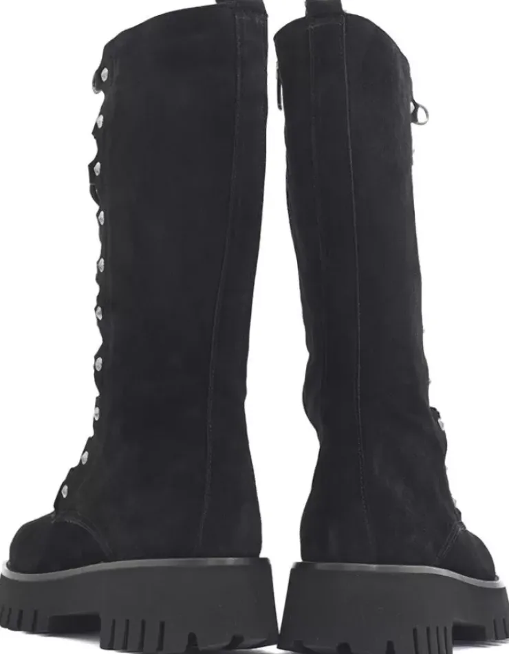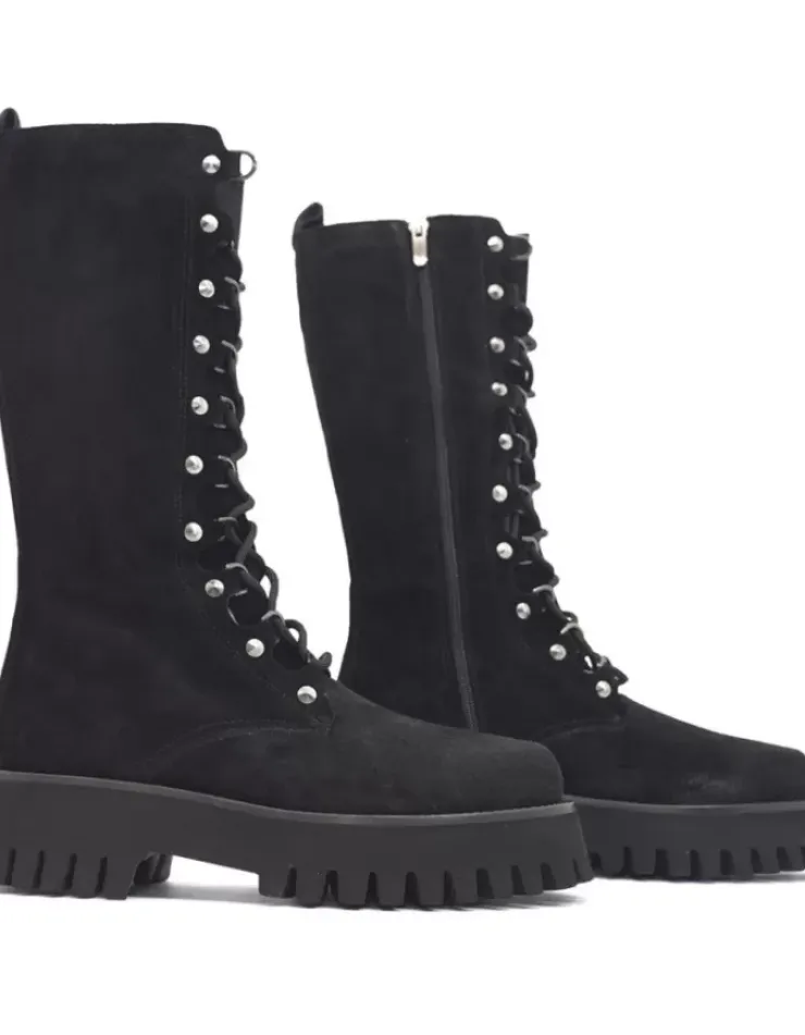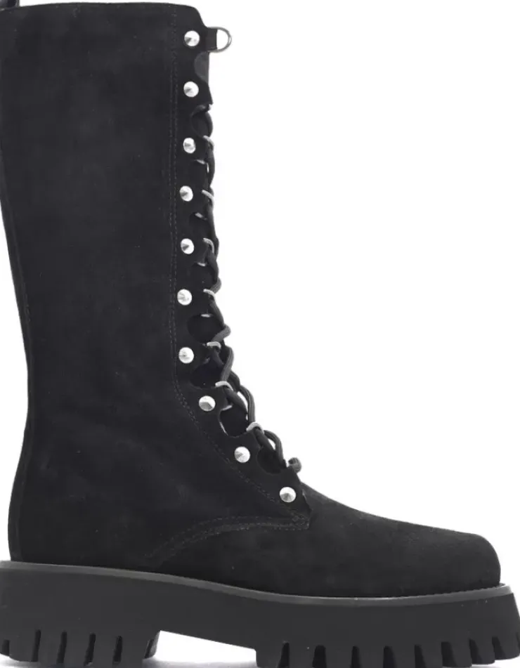 Bota Para Mujer Alpe Tokio, Fabricada En Piel (Baby Silk) De Color Negro Con Plataforma De 5 Cm, Suela Antideslizante Y Puntera Redonda, Con Cierre Mediante Cremallera Alta.
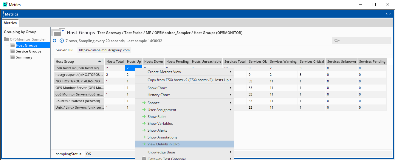 For example, if you right-click the cell for the Hosts Up and ESXi hosts v2 (ESXi hosts v2) host group in the dataview, then the OP5 Monitor List View page, which lists all the hosts that are up in the
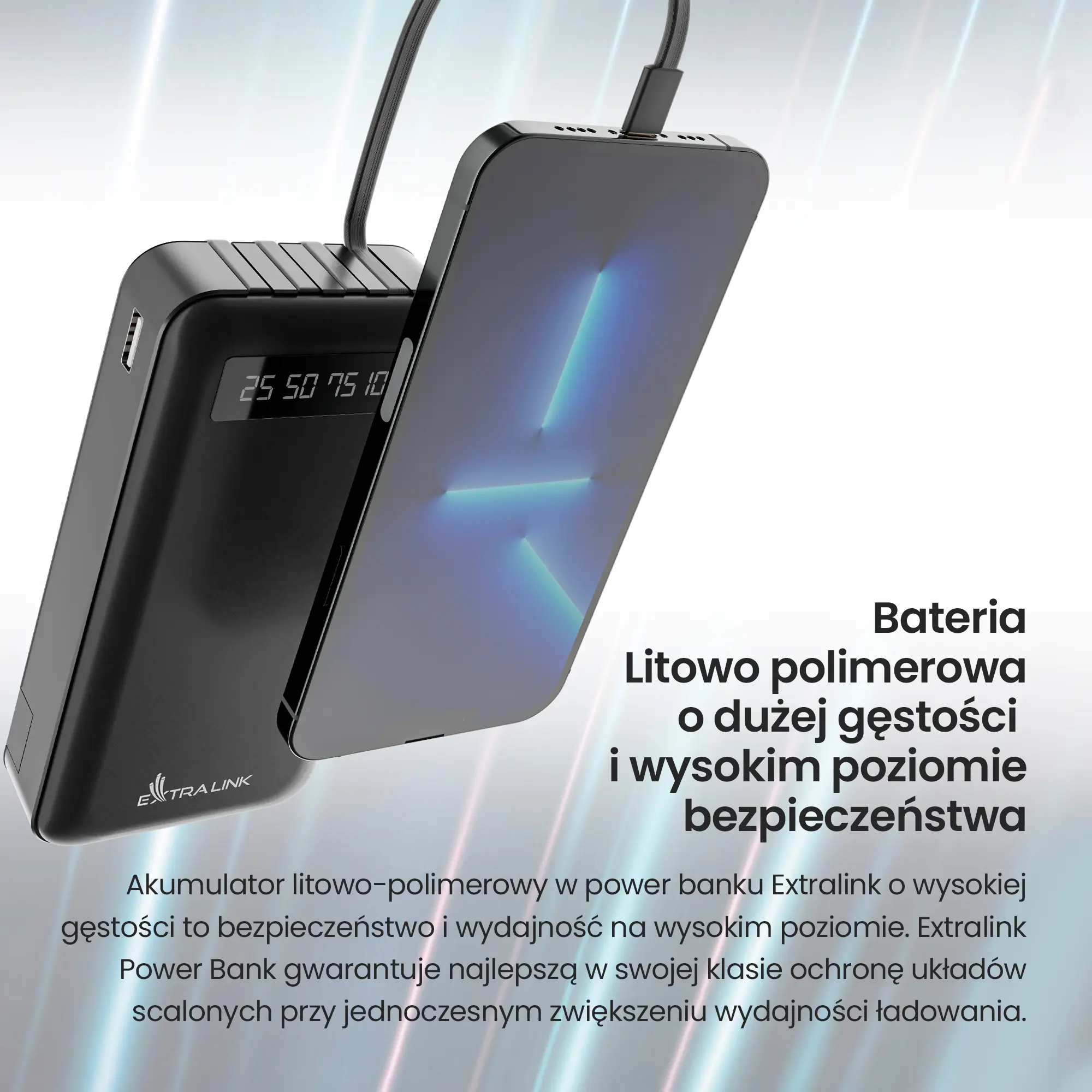 Akumulator litowo-polimerowy w power banku Extralink o wysokiej gęstości to bezpieczeństwo i wydajność na wysokim poziomie. Extralink Power Bank gwarantuje najlepszą w swojej klasie ochronę układów scalonych przy jednoczesnym zwiększeniu wydajności ładowania.
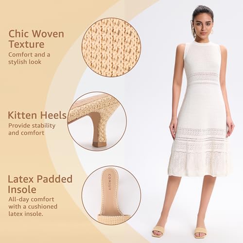 Raffia Mule Sandals for Women Square Toe Slip On Kitten Heels Woven Heeled Slides for Summer Dress and Vacation 5
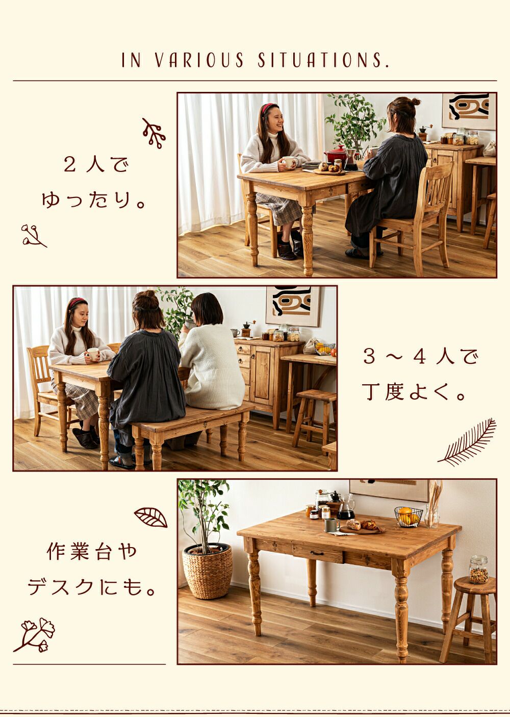 温もり溢れるダイニングテーブル ダイニングテーブル テーブル 机 おしゃれ オイル仕上げ カントリー|CARMELA
==============================
# [WORK TO BE COMPLETED]
Print the material word for word without images.

# [ANSWER BOX]
 Bota Para Mujer Alpe Tokio, Fabricada En Piel (Baby Silk) De Color Negro Con Plataforma De 5 Cm, Suela Antideslizante Y Puntera Redonda, Con Cierre Mediante Cremallera Alta.
 For example, if you right-click the cell for the Hosts Up and ESXi hosts v2 (ESXi hosts v2) host group in the dataview, then the OP5 Monitor List View page, which lists all the hosts that are up in the
 Akumulator litowo-polimerowy w power banku Extralink o wysokiej gęstości to bezpieczeństwo i wydajność na wysokim poziomie. Extralink Power Bank gwarantuje najlepszą w swojej klasie ochronę układów scalonych przy jednoczesnym zwiększeniu wydajności ładowania.
 Raffia Mule Sandals for Women Square Toe Slip On Kitten Heels Woven Heeled Slides for Summer Dress and Vacation 5
 温もり溢れるダイニングテーブル ダイニングテーブル テーブル 机 おしゃれ オイル仕上げ カントリー|CARMELA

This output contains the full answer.